Он выпил рюмку выпучил глаза, с удивлением огляделся кругом, проглотил ложки две супу и сказал решительно:
— Нет, я даже больше сделаю: я вторую рюмкувыпью.
Выпил вторую, усмехнулся, подмигнул:
— Нет, я даже больше сделаю. Я сделаю то, чего никогда не делал: я третью рюмку выпью. И странно было бы не выпить. Во-первых, приятно — это раз. Во-вторых, если у меня есть сила воли и я всегда могу остановиться вовремя, то чего же мне бояться?
Почему, например, я не могу выпить четвертую рюмку? Я больше сделаю — я две подряд выпью, вот что я сделаю. А потом еще велю коньяку принести. Вот. Потому что раз у человека есть сила воли…
Вечером завернувший на огонек приятель был несказанно удивлен представшей перед ним картиной: Иван Матвеич сидел в столовой на полу и, смотря в упор на ножку стола, грозил ей пальцем и говорил с чувством, толково и вразумительно:
— Может быть, ты, братец мой, не можешь, а я могу! Я напился — я это сознаю. Мало того, я сделаю даже еще больше — я теперь буду каждый день напиваться. А почему? А потому, что когда у человека есть в наличности сила воли… сил-ла воли, то он может пить и ему ничего не страшно. А у меня, братец ты мой, сила воли есть, а раз у меня есть сила воли, следовательно…
Ничтожные и светлые
Маленькая учительница села Недомаровки переписывала с черновика письмо.

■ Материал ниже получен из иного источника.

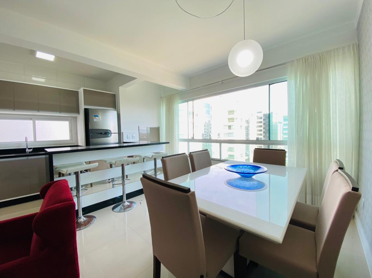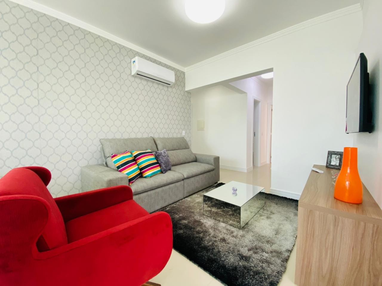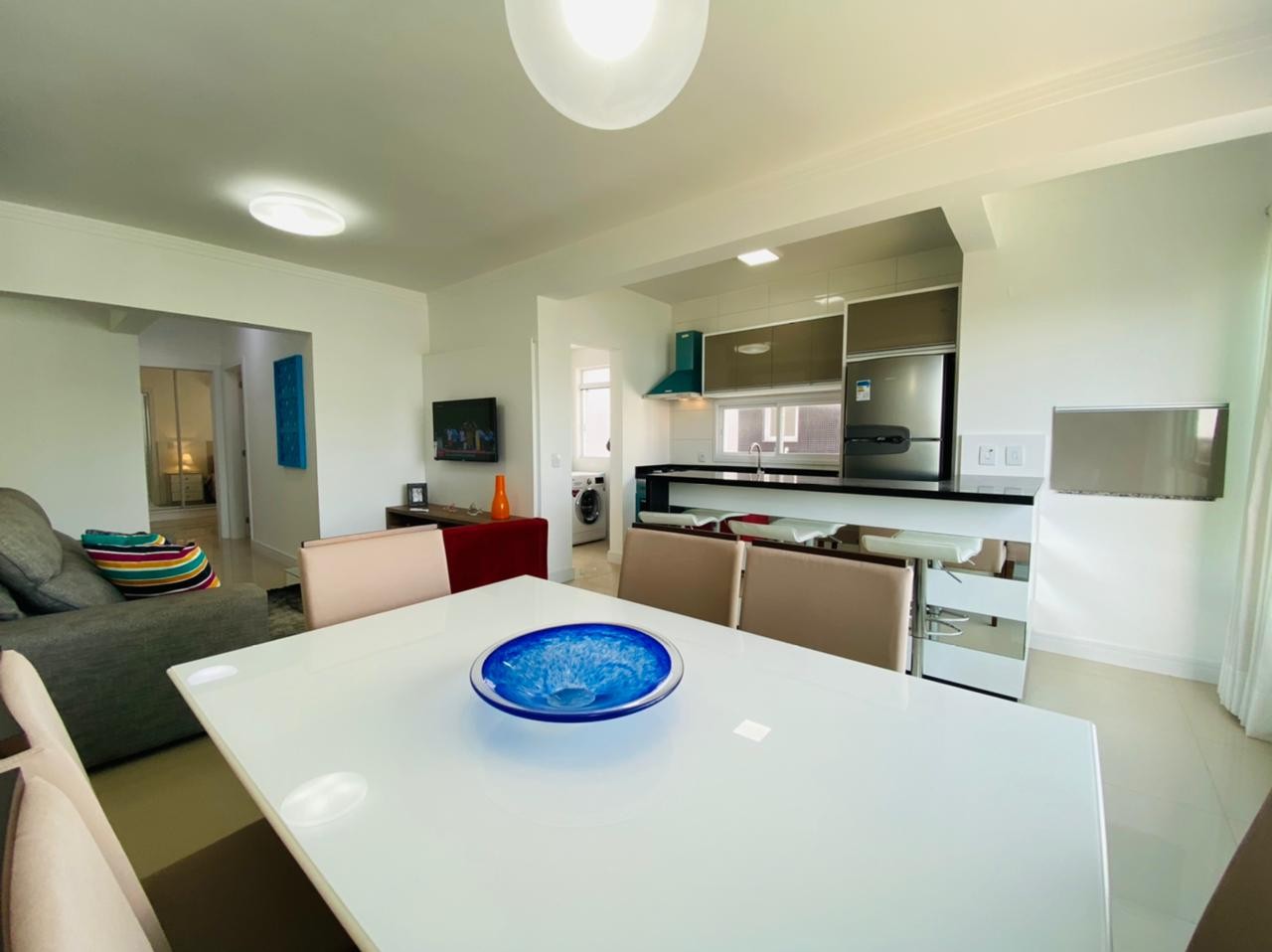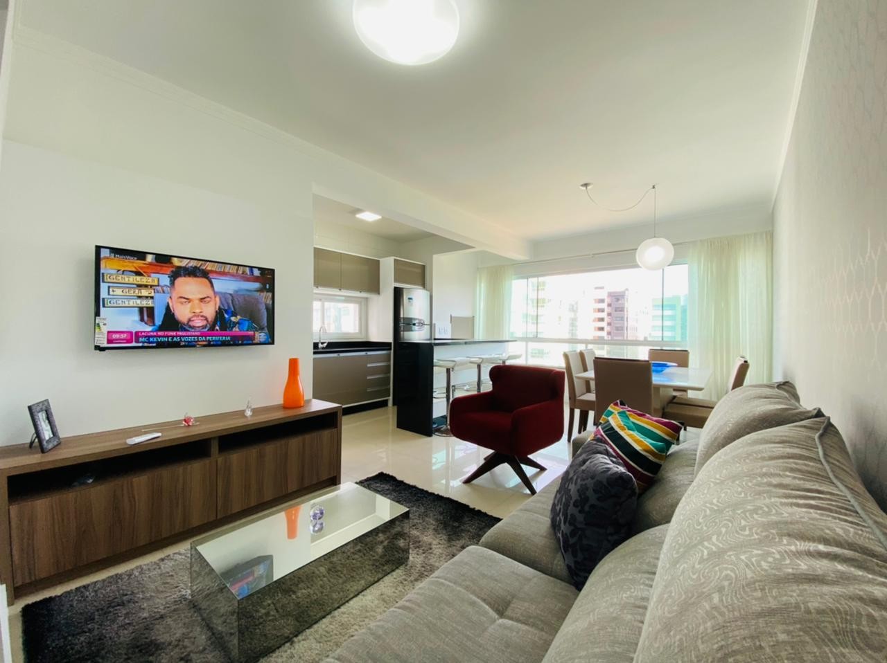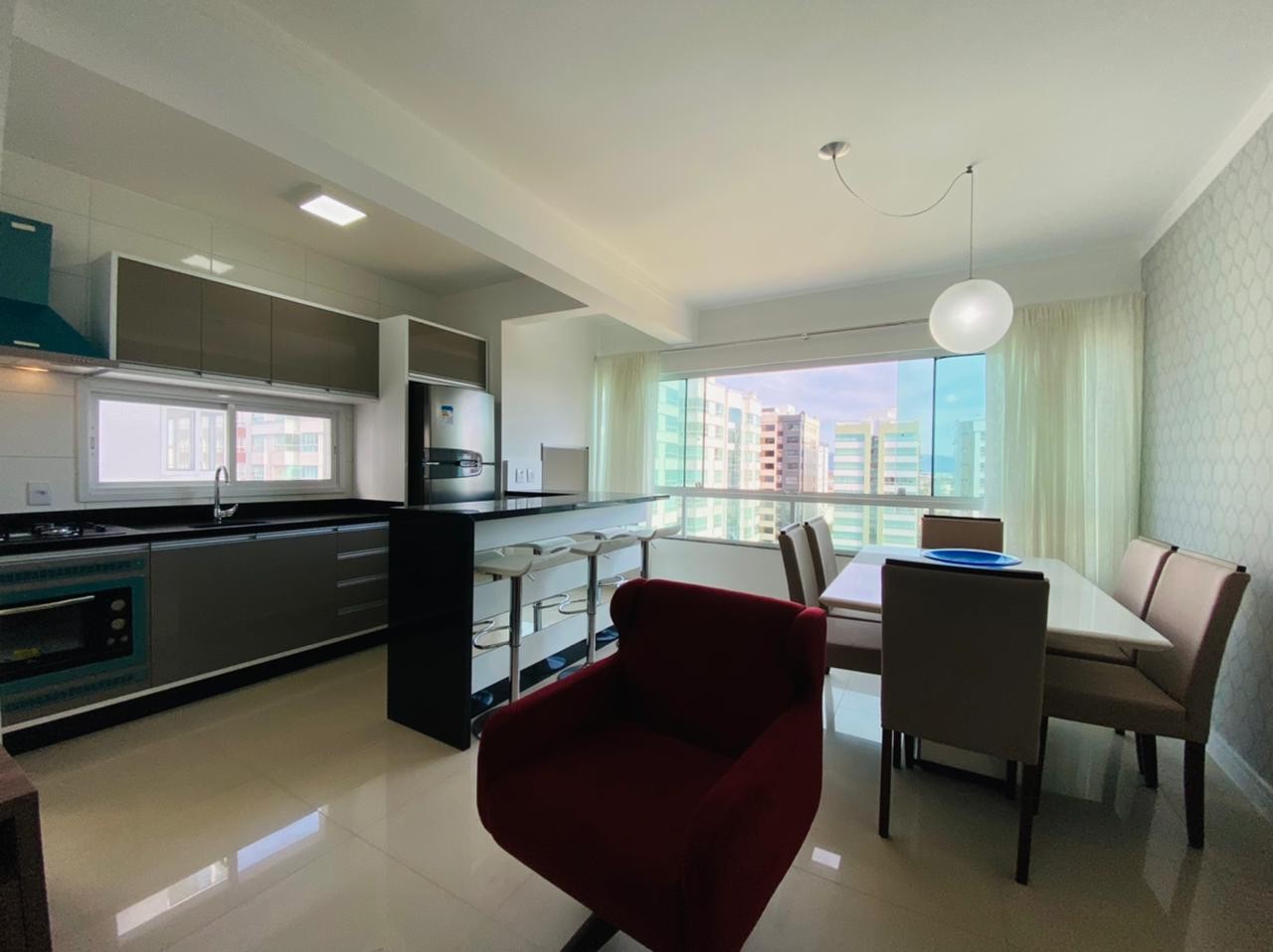 Composto por dois dormitórios sendo uma suíte, mobiliado, banheiro social, living em dois ambientes com sacada integrada, churrasqueira, cozinha americana, área de serviço individual, espera para ar Split, piso porcelanato polido, rebaixamento em gesso, água quente e gás Central. Prédio novo, revestido em plaquetas, Hall de entrada, dois elevadores e zeladoria permanente. Frente praça ficando a duas quadras do mar, muito bem localizado. Proprietário estuda parcelamento direto, receber carro e estuda proposta a vista.

Она очень волновалась, и лицо у нее было жалкое и восторженное.
— Нет, он не будет смеяться надо мной! — шептала она, сжимая виски вымазанными в чернилах пальцами. — Такой великий, такой светлый человек. Он один может понять мою душу и мои стремления. Мне ответа не надо. Пусть только прочтет обо мне, о маленькой и несчастной. Я, конечно, ничтожество. Он — солнце, а я — трава, которую солнце взращивает, — но разве трава не имеет права написать письмо, если это хоть немножко облегчит ее страдания?